Dataset records:

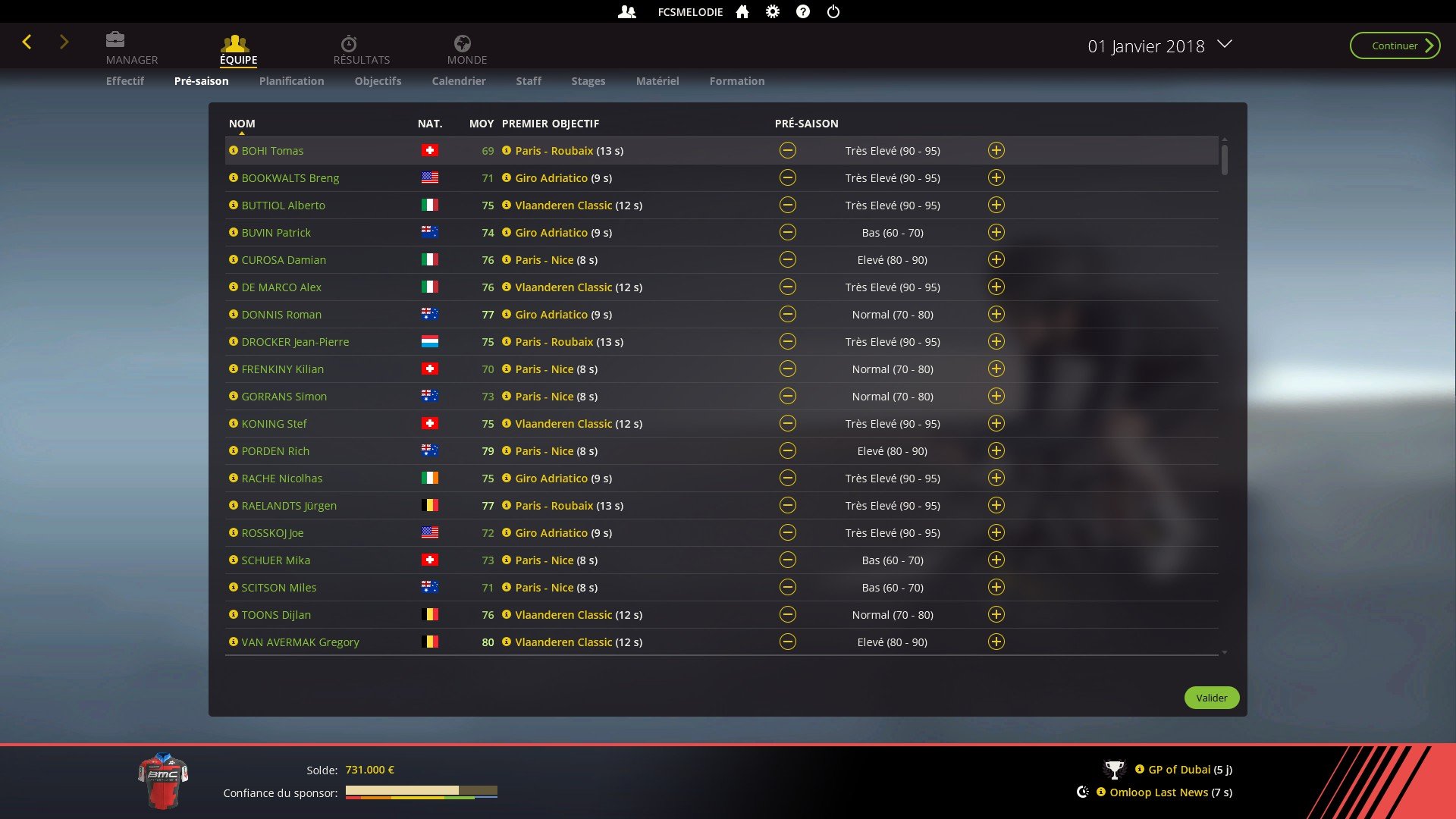 On January 1st of each year, you will be asked to establish the pre-season training rhythm of your riders via the Team>Preparation>Pre-season menu. It will allow them to arrive more, or less, prepared for the start of the season. In a way this corresponds to the investment of the rider in his winter preparation.
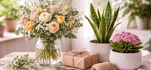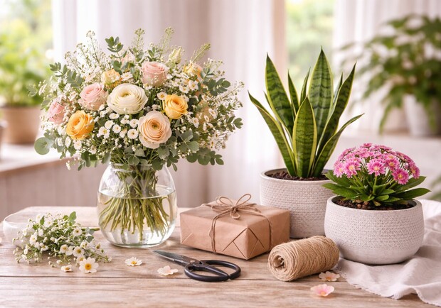 Живые цветы плюс комнатное растение: новый формат романтического подарка в Киеве
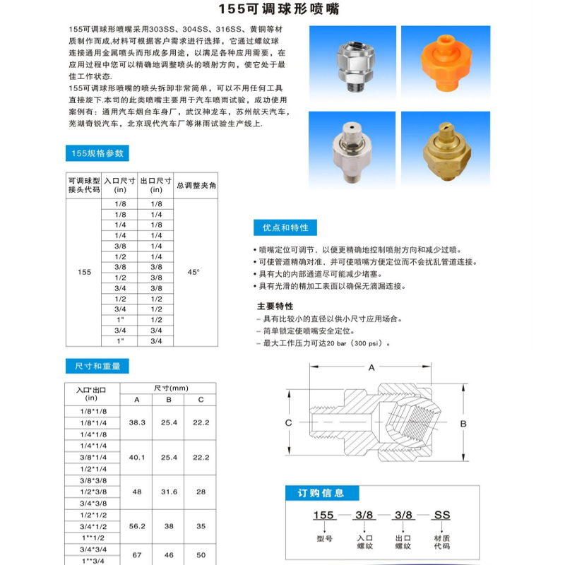不銹鋼可調球噴嘴,它通過螺紋球連接通用金屬噴頭而形成多系列用途,以滿足各種應用需要,在用的過程中您可以精確地調整噴頭的噴射方向,使它處于最佳的工作狀態(tài)??烧{節(jié)噴嘴最大承受壓力為21巴,入口連接尺寸有1/81/4 3/8 和1/2英寸等,材料可選:不銹鋼 黃銅
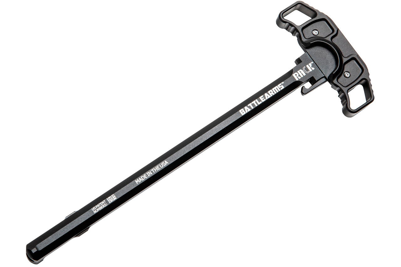 The RACK Ambidextrous Charging Handle was developed by BATTLEARMS to be the finest charging handle ever produced! It is the toughest available for the AR-15, AR-10 and 9mm AR PCC platforms. The RACK charging handle is simplicity at its best with only three major components. Unlike other charging handles, the RACK makes no contact with the sides of the receiver preventing wear on the receiver and charging handle. Not only is it fast, buttery smooth, it also minimizes wear to the upper receiver with it’s side-sliding unlocking action. The RACK is no doubt the new heavyweight champion among all other ambidextrous charging handles. Engineered to withstand the abuse of downrange use!
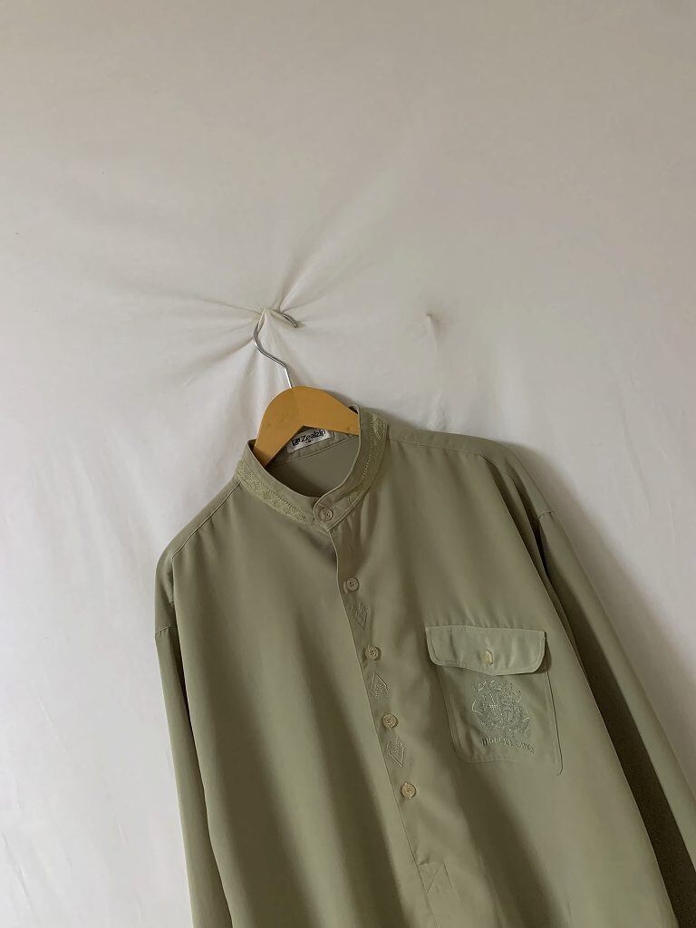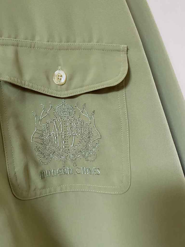 ネック周りやフロント、胸ポケットの同色の刺繍
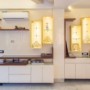 The ceiling provides a rational segregation to both the areas. The tranquil yet glistening scheme incorporated in the living area paints a picture of order and uniformity. The seating in the living room is more on the minimal lines with an influx of subtle modernity. An urbane wall curated with soft panels serves as a focal facet of this sphere while highlighting the finesse of Mahatma Buddha. The wainscoting done here accentuates the tellurian interiors. The kitchen is pragmatically designed in the south-east direction next to the main entry in order to avoid pests and enjoy the morning sun. Articulated to illustrate a masterful spectacle, the staircase fabricated in stainless steel with stone treads was planned for better communication and ease of kids.
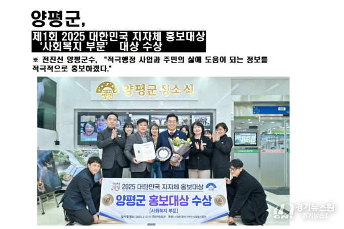 경기뉴스원(경기뉴스1) | 양평군(군수 전진선)은 5일 (사)한국미디어영상교육진흥원이 주최하는 제1회 2025 대한민국 지자체 홍보대상에서 ‘사회복지 부문’ 대상을 수상했다고 밝혔다.
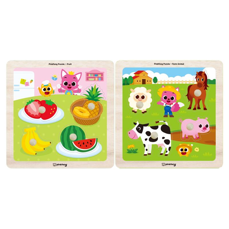 A dual-theme Pinkfong wooden peg puzzle set designed to help toddlers learn fruits and farm animals through hands-on, safe, and engaging play.
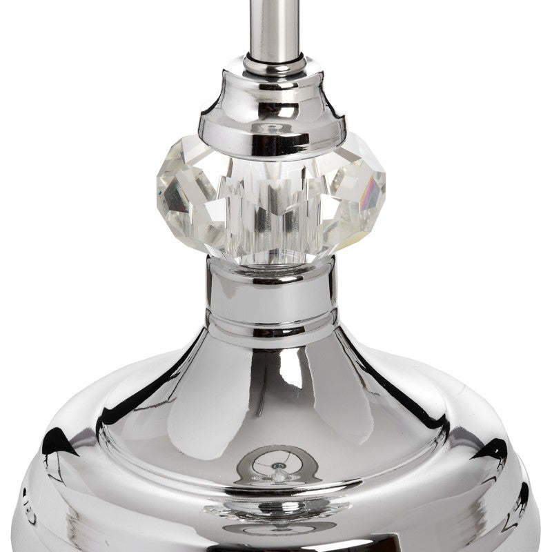 Experience the perfect blend of modern style and classic design with this exceptional table lamp. The sleek chrome base features a meticulously crafted glass accent that catches and reflects light with mesmerizing brilliance. The thoughtfully chosen grey and white herringbone shade adds textural interest while diffusing light beautifully throughout your space. This lamp exemplifies understated luxury that will appeal to discerning customers seeking quality lighting solutions. For a coordinated display that maximizes visual impact, we recommend pairing with our Silver Quarterfoil Decorative Hanging Mirror to amplify the reflective elements, the Antique Grey Large Ceramic Pear for textural contrast, and the Silver Heart Skeleton Wall Clock to echo the metallic finish. This carefully curated combination creates a cohesive aesthetic that your customers will appreciate for its attention to detail and enduring appeal.
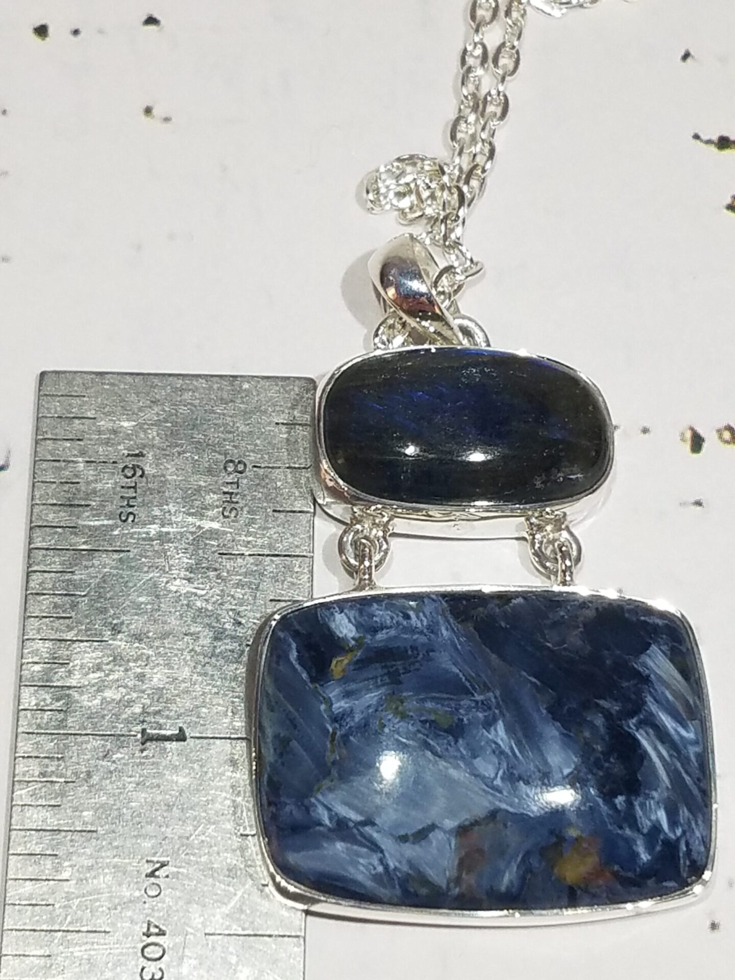 This Pietersite & Labradorite Sterling Silver Pendant pairs two exceptional optical minerals in one composition. Measuring 1.5 inches high by 1.25 inches wide, the piece unites the storm-like fibers of Pietersite with the iridescent flash of Labradorite. Each gemstone is hand-cut, polished to reveal natural depth, and securely mounted in Sterling Silver 925. Includes a silver-plated 18-inch chain and gift box.
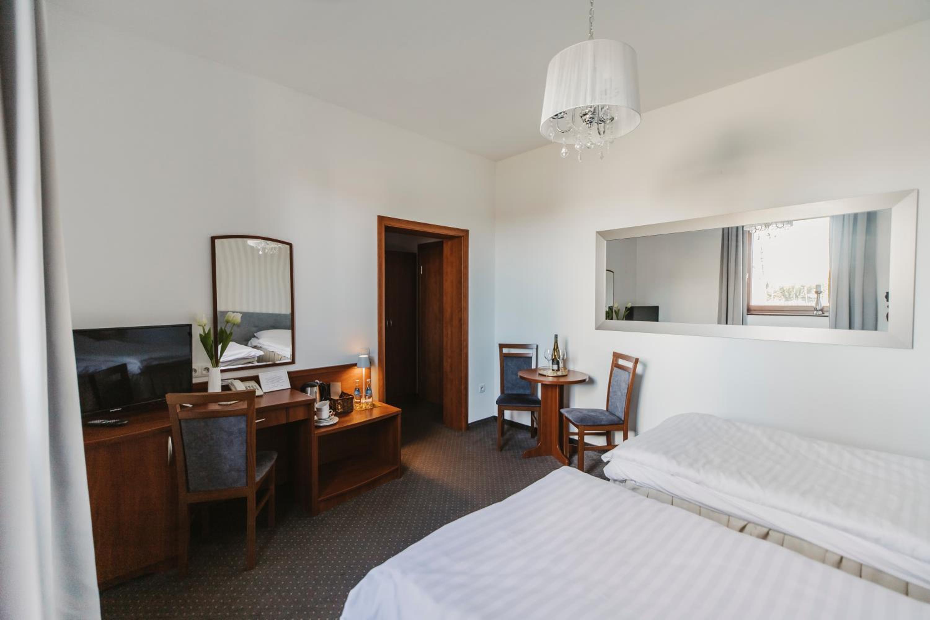 Świetna lokalizacja hotelu. Idealna przy pobycie z psem. Tuż obok przyjemny teren do długiego spaceru. Pokoje bardzo czyste.
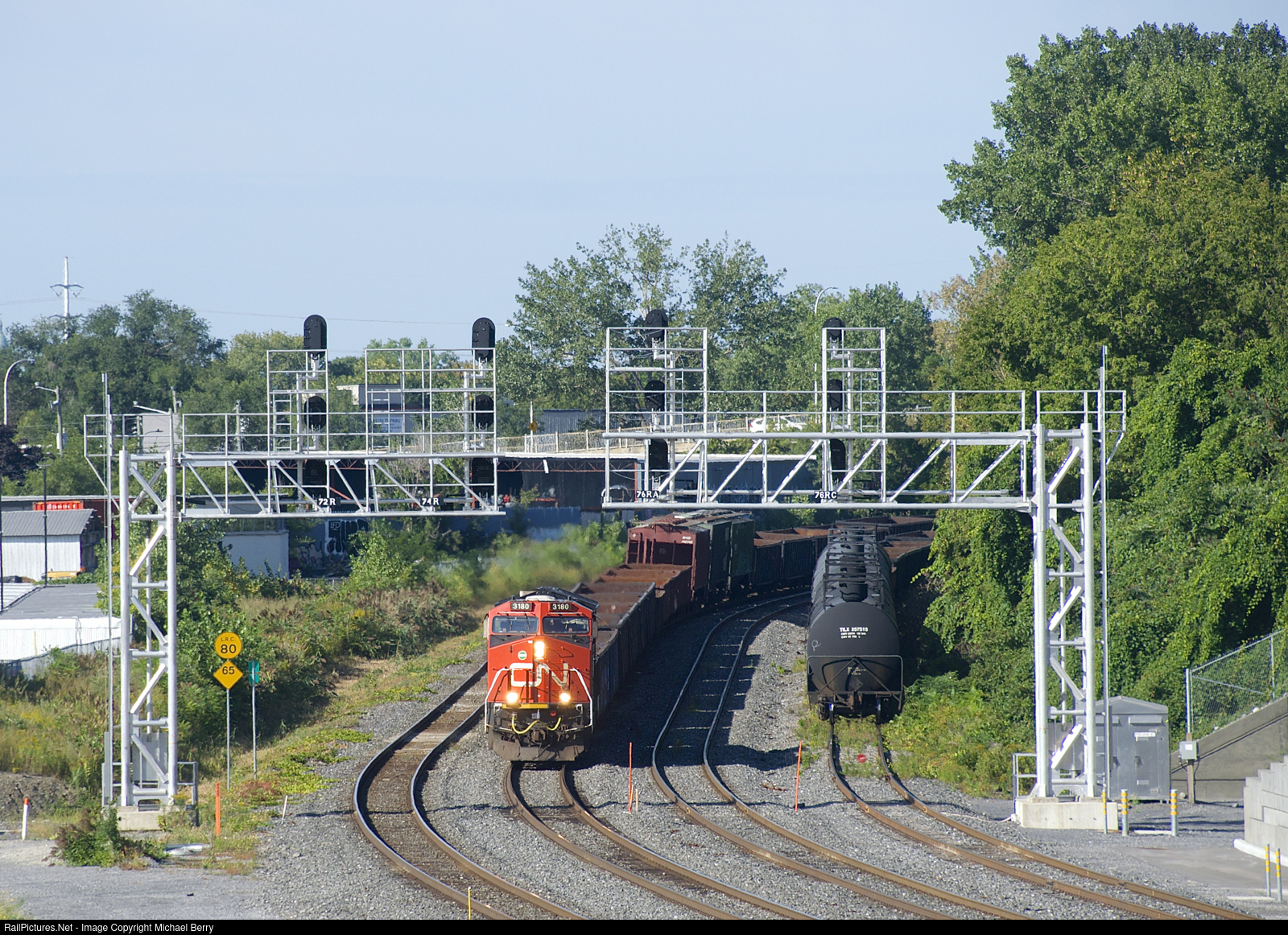 CN 322 is on its way to Southwark Yard after dropping off cars at Taschereau Yard as it prepares to pass a pair of signal gantries.

Task to complete: Go through the records and repeat each one exactly, skipping anything that is a picture.

Task result:
 On January 1st of each year, you will be asked to establish the pre-season training rhythm of your riders via the Team>Preparation>Pre-season menu. It will allow them to arrive more, or less, prepared for the start of the season. In a way this corresponds to the investment of the rider in his winter preparation.
 Живые цветы плюс комнатное растение: новый формат романтического подарка в Киеве
不銹鋼可調球噴嘴,它通過螺紋球連接通用金屬噴頭而形成多系列用途,以滿足各種應用需要,在用的過程中您可以精確地調整噴頭的噴射方向,使它處于最佳的工作狀態(tài)??烧{節(jié)噴嘴最大承受壓力為21巴,入口連接尺寸有1/81/4 3/8 和1/2英寸等,材料可選:不銹鋼 黃銅
 The RACK Ambidextrous Charging Handle was developed by BATTLEARMS to be the finest charging handle ever produced! It is the toughest available for the AR-15, AR-10 and 9mm AR PCC platforms. The RACK charging handle is simplicity at its best with only three major components. Unlike other charging handles, the RACK makes no contact with the sides of the receiver preventing wear on the receiver and charging handle. Not only is it fast, buttery smooth, it also minimizes wear to the upper receiver with it’s side-sliding unlocking action. The RACK is no doubt the new heavyweight champion among all other ambidextrous charging handles. Engineered to withstand the abuse of downrange use!
 ネック周りやフロント、胸ポケットの同色の刺繍
 The ceiling provides a rational segregation to both the areas. The tranquil yet glistening scheme incorporated in the living area paints a picture of order and uniformity. The seating in the living room is more on the minimal lines with an influx of subtle modernity. An urbane wall curated with soft panels serves as a focal facet of this sphere while highlighting the finesse of Mahatma Buddha. The wainscoting done here accentuates the tellurian interiors. The kitchen is pragmatically designed in the south-east direction next to the main entry in order to avoid pests and enjoy the morning sun. Articulated to illustrate a masterful spectacle, the staircase fabricated in stainless steel with stone treads was planned for better communication and ease of kids.
 경기뉴스원(경기뉴스1) | 양평군(군수 전진선)은 5일 (사)한국미디어영상교육진흥원이 주최하는 제1회 2025 대한민국 지자체 홍보대상에서 ‘사회복지 부문’ 대상을 수상했다고 밝혔다.
 A dual-theme Pinkfong wooden peg puzzle set designed to help toddlers learn fruits and farm animals through hands-on, safe, and engaging play.
 Experience the perfect blend of modern style and classic design with this exceptional table lamp. The sleek chrome base features a meticulously crafted glass accent that catches and reflects light with mesmerizing brilliance. The thoughtfully chosen grey and white herringbone shade adds textural interest while diffusing light beautifully throughout your space. This lamp exemplifies understated luxury that will appeal to discerning customers seeking quality lighting solutions. For a coordinated display that maximizes visual impact, we recommend pairing with our Silver Quarterfoil Decorative Hanging Mirror to amplify the reflective elements, the Antique Grey Large Ceramic Pear for textural contrast, and the Silver Heart Skeleton Wall Clock to echo the metallic finish. This carefully curated combination creates a cohesive aesthetic that your customers will appreciate for its attention to detail and enduring appeal.
 This Pietersite & Labradorite Sterling Silver Pendant pairs two exceptional optical minerals in one composition. Measuring 1.5 inches high by 1.25 inches wide, the piece unites the storm-like fibers of Pietersite with the iridescent flash of Labradorite. Each gemstone is hand-cut, polished to reveal natural depth, and securely mounted in Sterling Silver 925. Includes a silver-plated 18-inch chain and gift box.
 Świetna lokalizacja hotelu. Idealna przy pobycie z psem. Tuż obok przyjemny teren do długiego spaceru. Pokoje bardzo czyste.
 CN 322 is on its way to Southwark Yard after dropping off cars at Taschereau Yard as it prepares to pass a pair of signal gantries.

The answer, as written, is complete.